Answer your question, Jessica?
Yeah, yeah. I just want to say I completely agree. I'm not necessarily a computer nerd, but as a aspiring psychologist and researcher, being able to write code to analyze data, I was -- the learning curve was horrible. I wanted to throw many computers out the window. But now that I'm comfortable writing through a computer and telling it what I need it to do, it's made my job a lot easier. So I encourage, you know, broader -- a broader scope for people who are interested in that. So thanks a lot, guys.
Jessica, thank you very much for your call. Ryan Seashore, we're at a moment right now where for-profit colleges are taking a lot of heat over whether they can deliver an education that offers real job opportunities, or whether they set students up for suffocating under a mountain of debt. What concerns do you have about where for-profit education may end up fitting into the movement to teach coding in the United States?
Well, we're nonprofit, so I am, by no means, an expert on this. I think it's important that the for-profit colleges set up expectations that are reasonable. I think it's important that individuals do their homework, they know what they're getting into, but they also know what they want to get out of it. And I think it's -- even the most basic introduction to programming is great. But just because you're using Codeacademy or you're using Hackety Hack, or you're going through a quick program, it doesn't mean that you'll develop these skills automatically.
Also, a lot of what it takes to become a good programmer is practice, and it's making sure that you get on a regimen and that you're able to put in the time necessary.
Zach, to what extent does a degree hold merit in this sector to start off with any way, whether we're talking about Harvard or the University of Phoenix? It seems we're talking about a lot of creative people, many of whom dropped out of college, who -- or who never went to college or who taught themselves to code on their own.
Yeah, I definitely agree with you on that. You know, I dropped out of college myself. I think part of what we're doing is largely geared towards making those paper credentials, you know, a diploma, outmoded.
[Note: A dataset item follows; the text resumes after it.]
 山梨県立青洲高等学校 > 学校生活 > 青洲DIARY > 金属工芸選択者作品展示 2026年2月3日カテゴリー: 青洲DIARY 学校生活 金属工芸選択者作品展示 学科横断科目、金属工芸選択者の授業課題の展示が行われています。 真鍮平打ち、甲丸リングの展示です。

I think, you know, a lot of the programmers that we've hired and a lot of the programmers that I know in the startup community never went to college, or they were self-taught.
And as Ryan said, you know, you really have to do this in your free time. You really have to be driven to program in your free time, to learn in your free time. And a degree can sort of guide you towards doing that, but just because you have a degree doesn't mean you're inherently better than someone that was self-taught.
And I'm afraid that's all the time we have. Zach Sims is the co-founder of Codeacademy, the force behind Code Year, which is a free year-long course offering online lessons. For those who want to learn, Ryan Seashore is the founder of CodeNow, which is focused on training students and young people to learn coding. Rosalyn Lemieux is a partner at Fission Strategy, a company that helps social causes use social media. She's an instructor with CodeNow.
And Jeff Casimir is the owner of Jumpstart Lab, which trains developers in Washington. He also leads instruction at Hungry Academy, a training program run in conjunction with the online coupon business LivingSocial. Thank you all for joining us. And thank you all for listening. I'm Kojo Nnamdi.